Patrick Anthony Meehan (born June 29, 1948) is a British record producer, who is best known to have worked with English heavy metal band Black Sabbath until he was fired in 1975 by the band.

Meehan founded Worldwide Artiste Management at No. 4 Leicester Street, London, in 1970 along with his father (also called Patrick), Wilf Pine and Malcolm Koss. Meehan Sr was a former stuntman who had roadied for Gene Vincent and worked with Small Faces manager Don Arden. As well as Black Sabbath, the group managed the progressive rock band Gentle Giant (remnants of 1960s pop band Simon Dupree and the Big Sound), Snafu (featuring original Procol Harum drummer Bobby Harrison), Black Widow, the Dutch band Cobra, Catapilla, Redbone and Mama Lion.

The company was listed on the London Stock Exchange in late 1970 after Black Sabbath became commercially successful. In 1971, Worldwide Artiste Management merged with Hemdale Ltd (named after founders, actors David Hemmings and John Daley) and moved to Mayfair.
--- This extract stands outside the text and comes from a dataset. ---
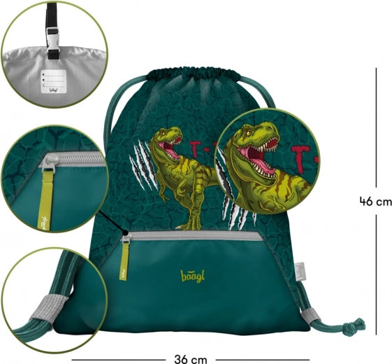 Stylowy i funkcjonalny worek BAAGL T‑Rex jest idealny do przenoszenia kapci, stroju sportowego oraz drobiazgów na zajęcia. Dzięki wytrzymałemu, łatwo zmywalnemu materiałowi wytrzyma codzienne użytkowanie i utrzyma zawartość w bezpieczeństwie i suchości.
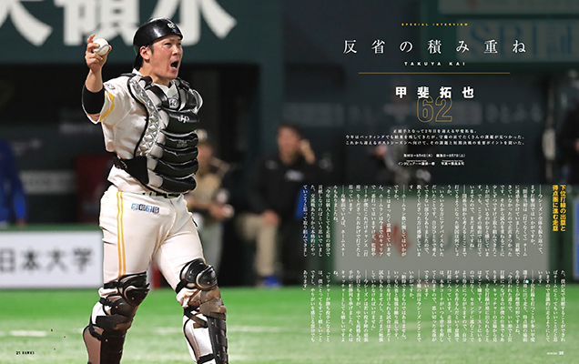 また、レギュラー捕手としてチームをけん引する甲斐拓也選手にもインタビュー。今シーズンは打撃も好調で、すでにキャリアハイの成績ですが、リード面を反省。「もっとやれていれば勝てた試合もあった」とキャッチャーとして責任を感じている甲斐選手。これからの課題と残りのシーズン、さらにはポストシーズンへの意気込みを語ってくれています。

In 1973 Meehan launched the World Wide Artists (WWA) record label, which released albums by Black Sabbath, Gentle Giant, Snafu and The Groundhogs, with distribution by Phonogram. After 36 releases, the company closed in 1975.

Meehan fell out with Black Sabbath in the late 1970s after a commercial and critical slump, and branched out into other areas of the entertainment business. He acquired HandMade Films in the late 1990s, becoming its executive chairman.

References

British record producers
Living people
Year of birth missing (living people)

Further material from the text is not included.